Below are some records. Return exactly their lines from the one containing "Infinix Note 40" through the one containing "PALO 1,5 v AA", and drop the pictures.

* _Data records_

***

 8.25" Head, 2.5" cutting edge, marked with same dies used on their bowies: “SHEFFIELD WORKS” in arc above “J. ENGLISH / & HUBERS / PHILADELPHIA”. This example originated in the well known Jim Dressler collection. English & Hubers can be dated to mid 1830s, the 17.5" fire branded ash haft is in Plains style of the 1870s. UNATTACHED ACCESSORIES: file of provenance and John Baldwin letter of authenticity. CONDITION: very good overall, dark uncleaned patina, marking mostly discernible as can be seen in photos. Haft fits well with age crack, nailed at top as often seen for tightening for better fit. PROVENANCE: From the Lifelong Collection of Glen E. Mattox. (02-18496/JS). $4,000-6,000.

***

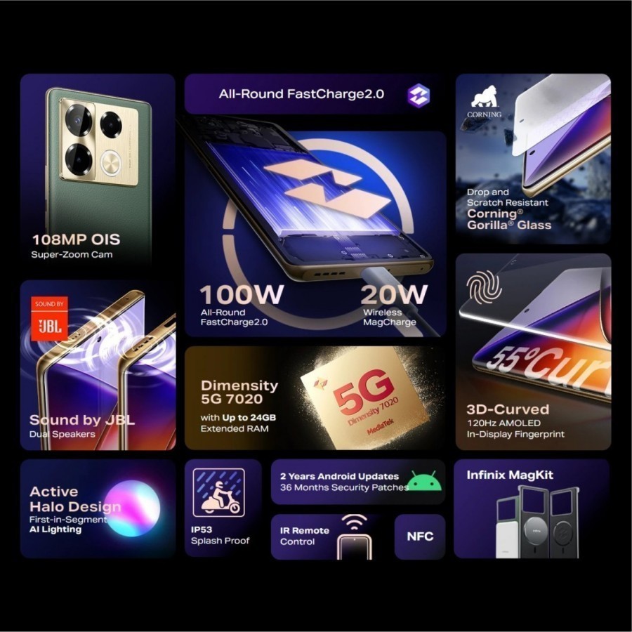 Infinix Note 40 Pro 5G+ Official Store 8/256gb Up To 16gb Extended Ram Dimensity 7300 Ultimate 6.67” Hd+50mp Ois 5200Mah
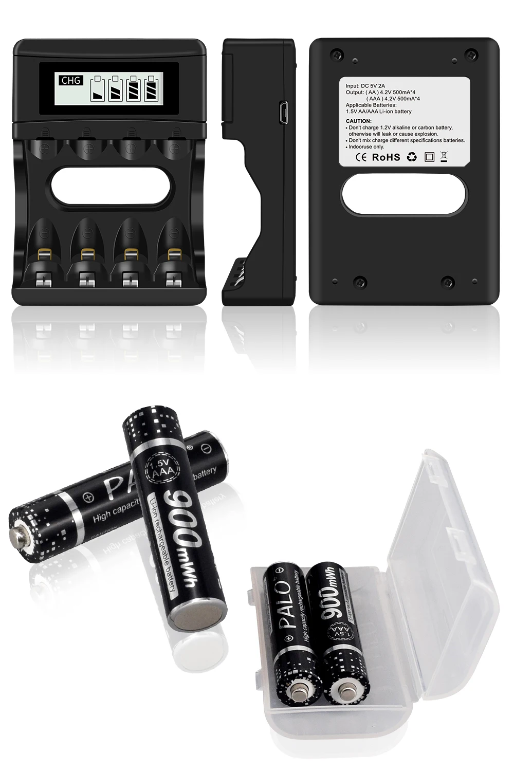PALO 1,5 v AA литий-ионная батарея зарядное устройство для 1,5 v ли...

***

* _Solution to this task_
 Infinix Note 40 Pro 5G+ Official Store 8/256gb Up To 16gb Extended Ram Dimensity 7300 Ultimate 6.67” Hd+50mp Ois 5200Mah
PALO 1,5 v AA литий-ионная батарея зарядное устройство для 1,5 v ли...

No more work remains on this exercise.